Nachruf auf Abraham B. Yehoshua: Das Herz gegenüber dem Tod öffnen
Präsident Herzog nennt Yehoshua einen der größten Schriftsteller Israels. Er selbst glaubte zum Schluss nicht mehr an die Zweistaatenlösung mit Palästina.

Stirbt eine prominente Person, muss, wer die Nachricht zuerst veröffentlicht, die Quelle dafür angeben. Als die Agentur dpa am Dienstagmorgen den Tod des Schriftstellers Abraham B. Yehoshua meldete, berief sie sich auf den israelischen Präsidenten Izchak Herzog. Er habe den Tod mitgeteilt und Yehoshua als „einen der größten Schriftsteller und Erzähler des Staates Israel“ bezeichnet. Die israelische Nationalbibliothek, die sein Archiv aufbewahrt, führe ihn als Synonym für moderne israelische Literatur.
In der Tat sind für die auf Hebräisch geschriebene Gegenwartsliteratur mindestens drei Namen zu nennen. Neben Yehoshua (oft auch Jehoschua geschrieben) sind das der 2018 verstorbene Amos Oz und David Grossman, Jahrgang 1954. Alle drei wurden mehrfach als Nobelpreiskandidaten gehandelt, alle drei eint der Einsatz für den Frieden im Nahen Osten. Sie haben sich in diesem Sinne auch gelegentlich für Appelle zusammengetan.
Yehoshuas Werke erschienen in 30 Sprachen
Abraham B. Yehoshua wurde am 9. Dezember 1936 in Jerusalem geboren. Als er 1963 nach dem Studium in Israel nach Frankreich zog, wo er an der Sorbonne lehrte, hatte er bereits seinen ersten Erzählungsband veröffentlicht. Bis Anfang dieses Jahrtausends unterrichtete Yehoshua in Haifa wie an britischen und US-amerikanischen Universitäten Literaturwissenschaft und Hebräische Literatur. Seine Stücke, Erzählungen, Essays und 14 Romane wurden in 30 Sprachen übersetzt. In der DDR erschienen in den 80er-Jahren Erzählungen unter dem Titel „Angesichts der Wälder“ und der Roman „Der Liebhaber“ im Verlag Volk und Welt.

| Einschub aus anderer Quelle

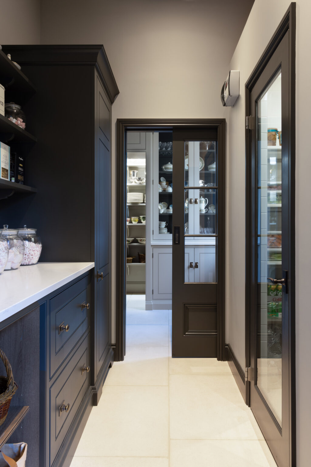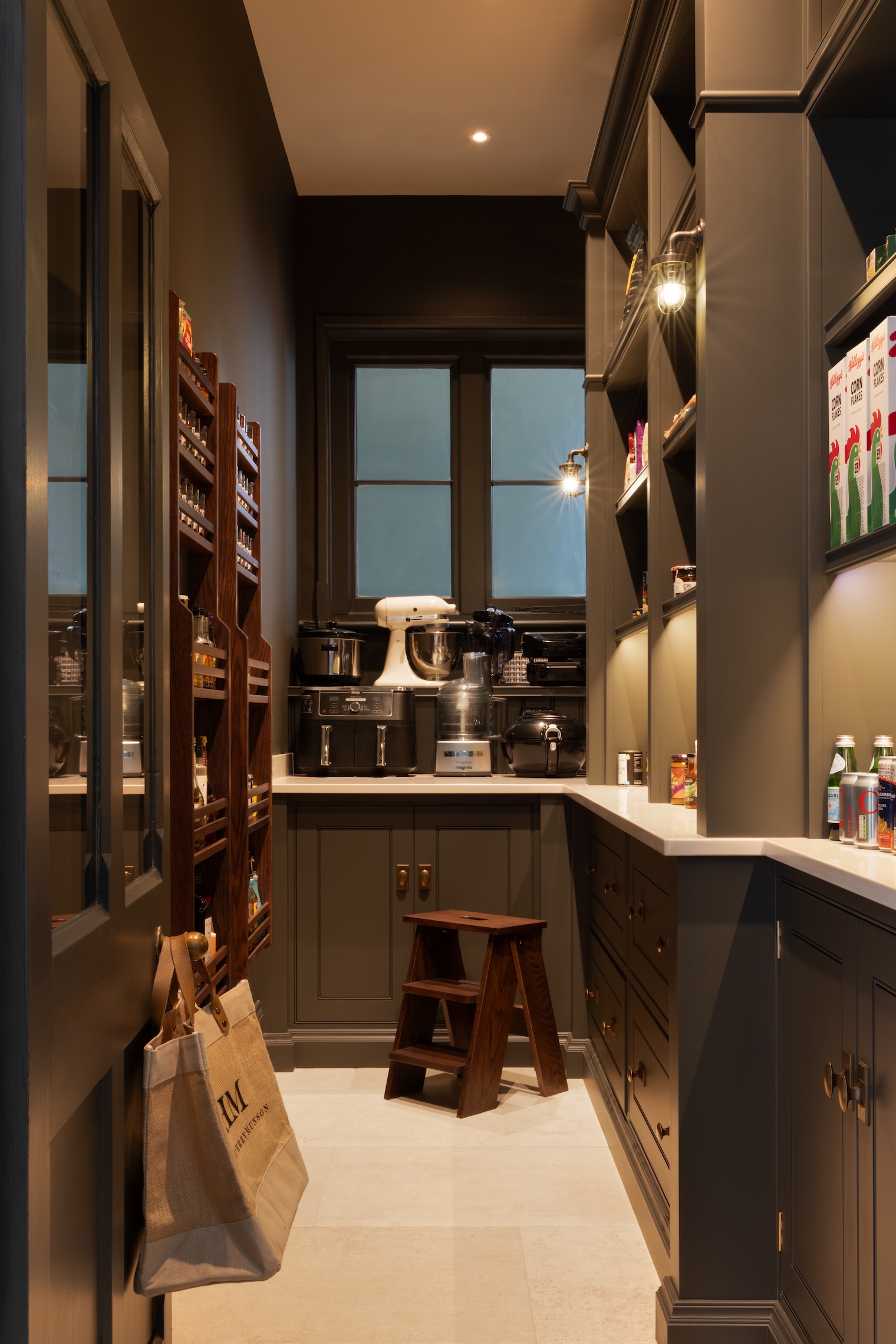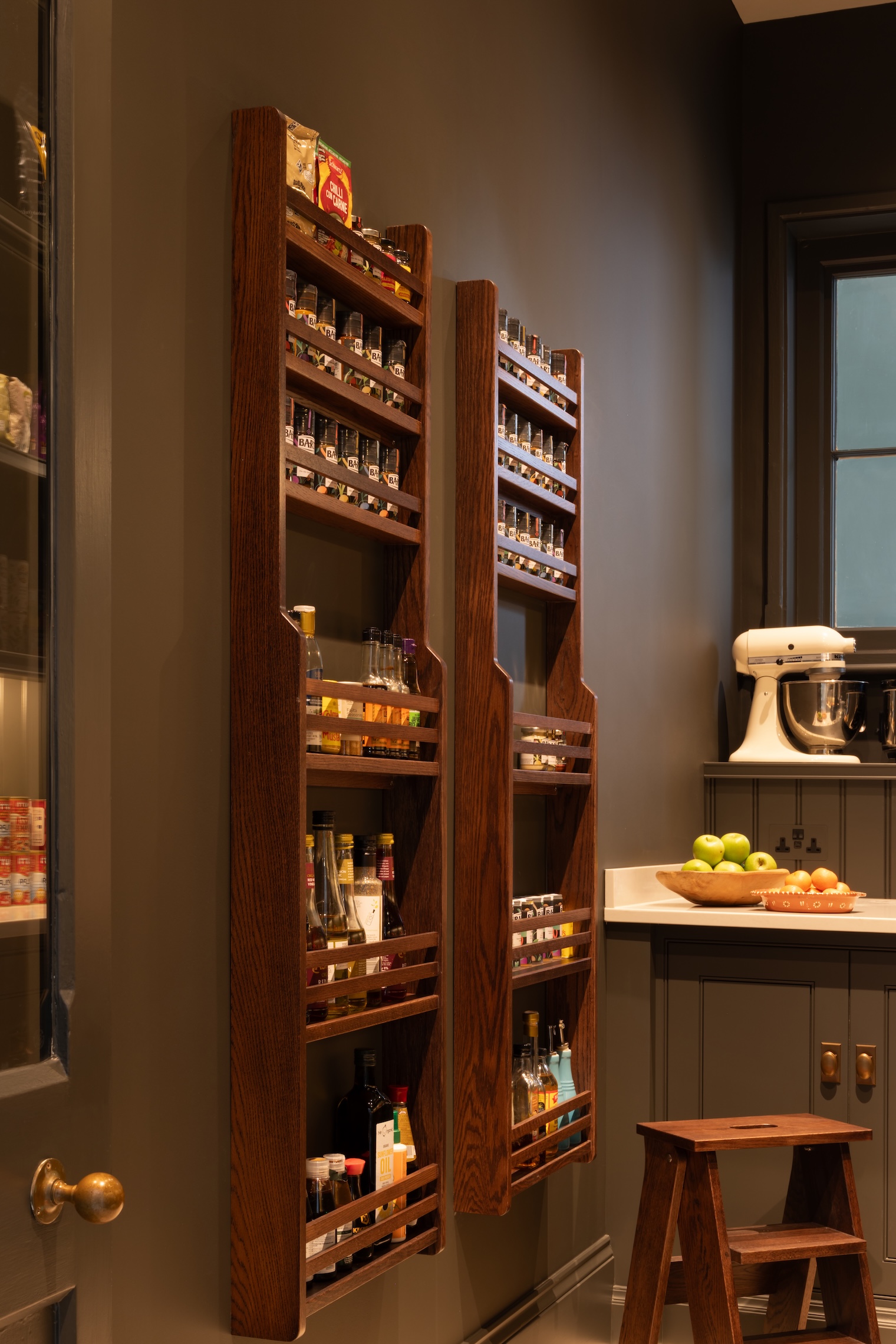 A standout pantry in its original, historic position that has been reworked to bring it into the 21st century. The moody colour palette and stocked shelves feel luxurious yet practical and the numerous storage types create a functional and cohesive space that our clients just love.

Zuletzt kam auf Deutsch der Roman „Der Tunnel“ heraus (Verlag Nagel & Kimche), in dem ein pensionierter Straßenbauingenieur langsam dement wird. Mit nachsichtigem Humor schildert Yehoshua die Aussetzer des Mannes, der dann auf einer Reise in die eigene Vergangenheit bei einer Begegnung mit einem palästinensischen Mädchen landet. Wie zum Beispiel auch in den Romanen „Freundesfeuer“ (2010) und „Die Passion des Personalbeauftragten“ (2006) kommt der Grundkonflikt des Staates Israel also auf Umwege in die Erzählung.

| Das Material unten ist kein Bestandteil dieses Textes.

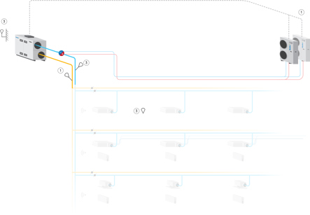 • When combining this solution with a VAV/DCV system (pressure-controlled GOLD), minimum airflow demand for the chiller/heatpump to work properly must be respected (see manual below).
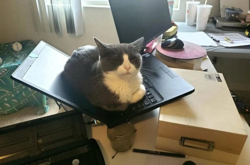 Кот словил дзен, а вот хозяин ноутбука ― вряд ли
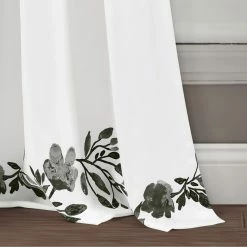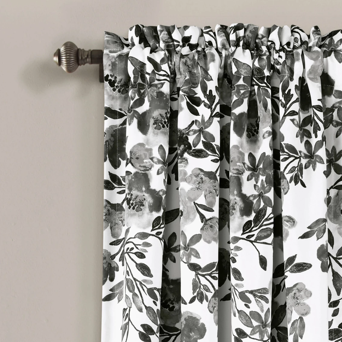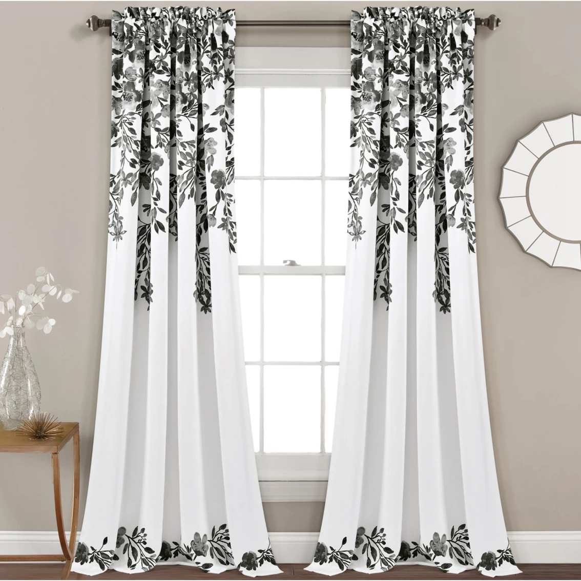 Update the look of your home with this beautiful Lush Decor Tanisha Room Darkening Window Curtain Panels Set. The floral style vine printed on light blocking fabric appears to be climbing from the top of the panel down toward the middle of the panel. Two panel set, 52 x 84 + 2 inches each. Black/White. Model: 16T006833.
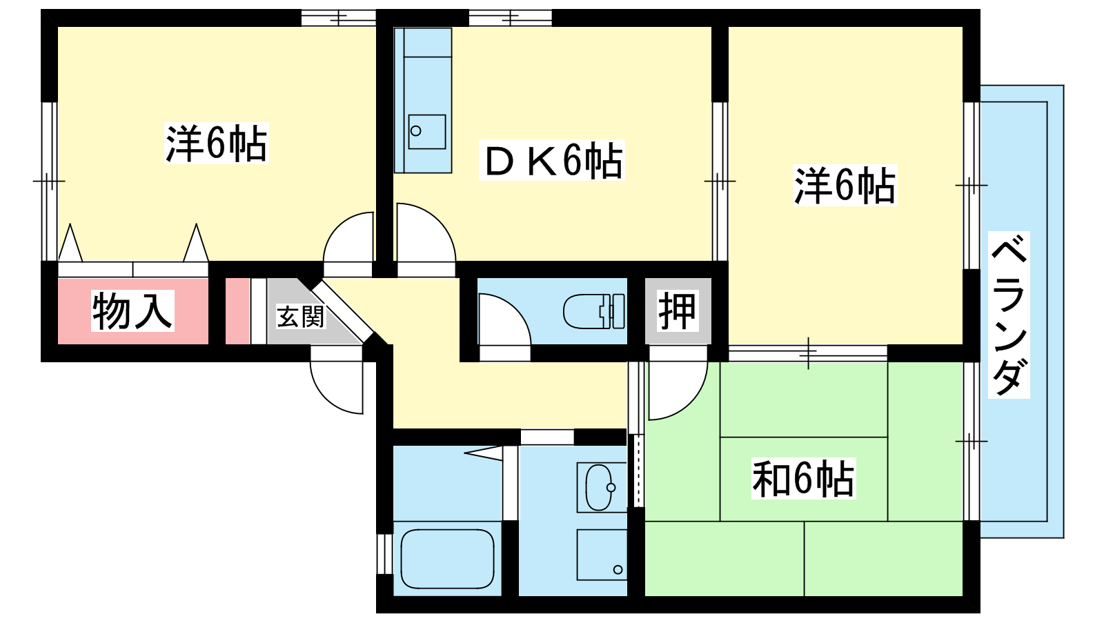 - 洋室6帖、洋室6帖、和室6帖、DK6帖
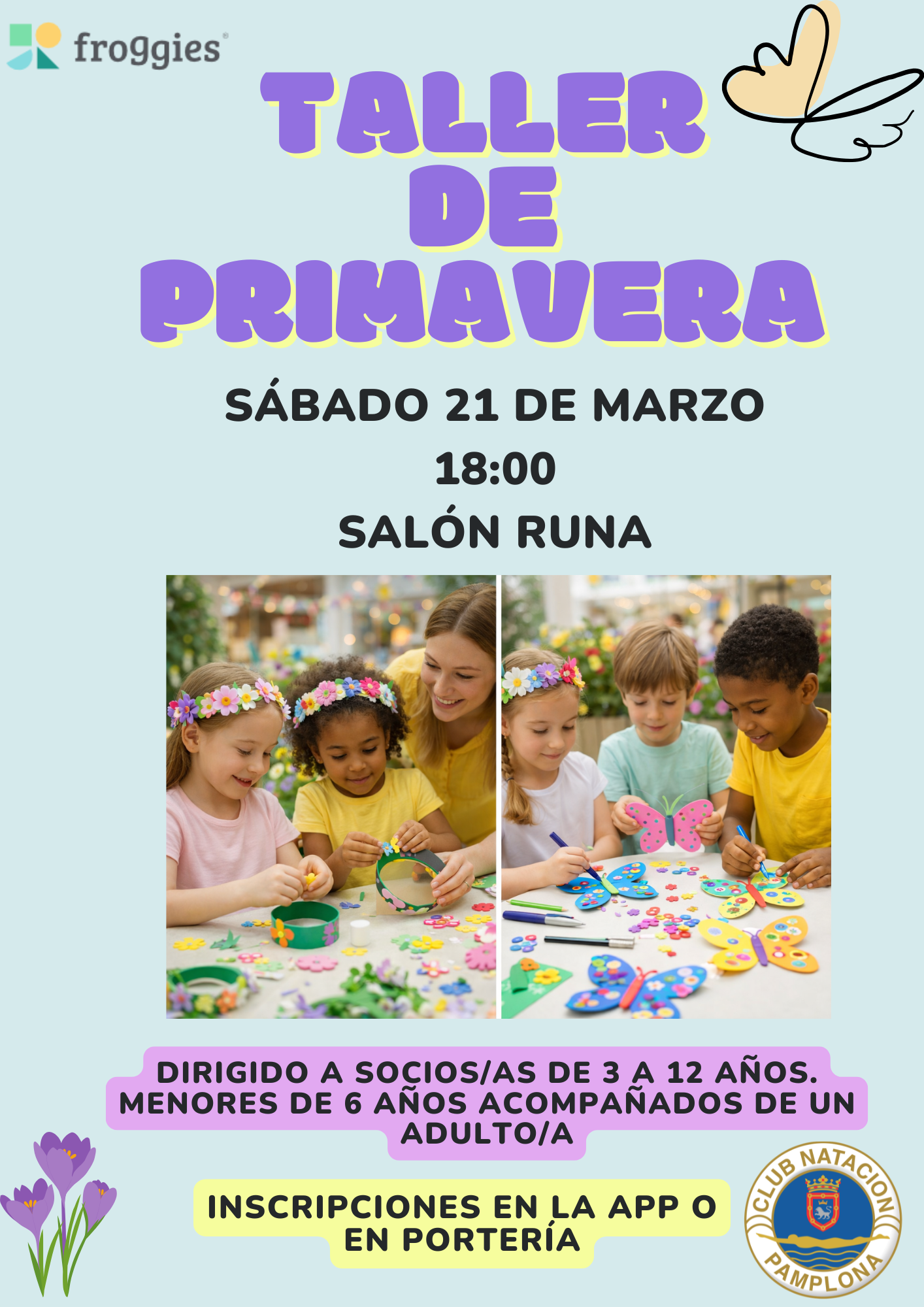 El próximo sábado 21 de marzo a las 18:00, organizamos un divertido Taller de Primavera en el Salón Runa para niños y niñas de 3 a 12 años. Los menores de 6 años deberán asistir acompañados de un adulto/a.
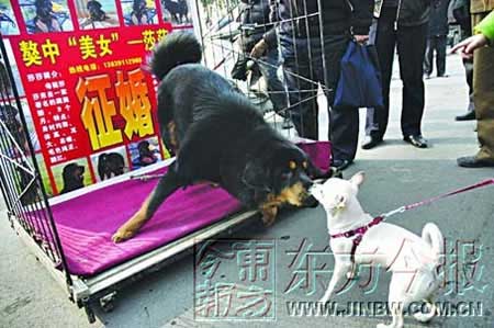 焦作市有一愛狗的市民,為了給自己的藏獒尋覓到一個“如意郎君”,下足了工夫,不但專門請人為愛犬拍了許多寫真集、制作了大幅宣傳畫,還在征婚現場為愛犬鋪上了紅地毯,這只母藏獒享受的級別那是相當高。
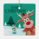 Merry Christmas Rudolph and Snowman Ceramic Ornament

Tote beider Seiten, Soldaten wie Passanten, die durch Raketen sterben, gibt es in Yehoshuas Büchern. „Als Schriftsteller ist es meine ethische Pflicht, mit meiner Feder die schwarze Plastikhülle zu durchstoßen, das Herz dem Tod gegenüber zu öffnen, mit Liebe und Mitleid“, beschrieb er sein Anliegen.
Doch als er bei Deutschlandfunk Kultur zum „Tunnel“ interviewt wurde, äußerte er sich resigniert in Bezug auf sein Lebensthema. Eine Zweistaatenlösung sei unmöglich geworden, sagte er im November 2019. Abraham B. Yehoshua machte die europäischen Staaten und die USA mit verantwortlich, weil sie sich „nicht vehement gegen diese Siedlungspolitik Israels ausgesprochen haben“.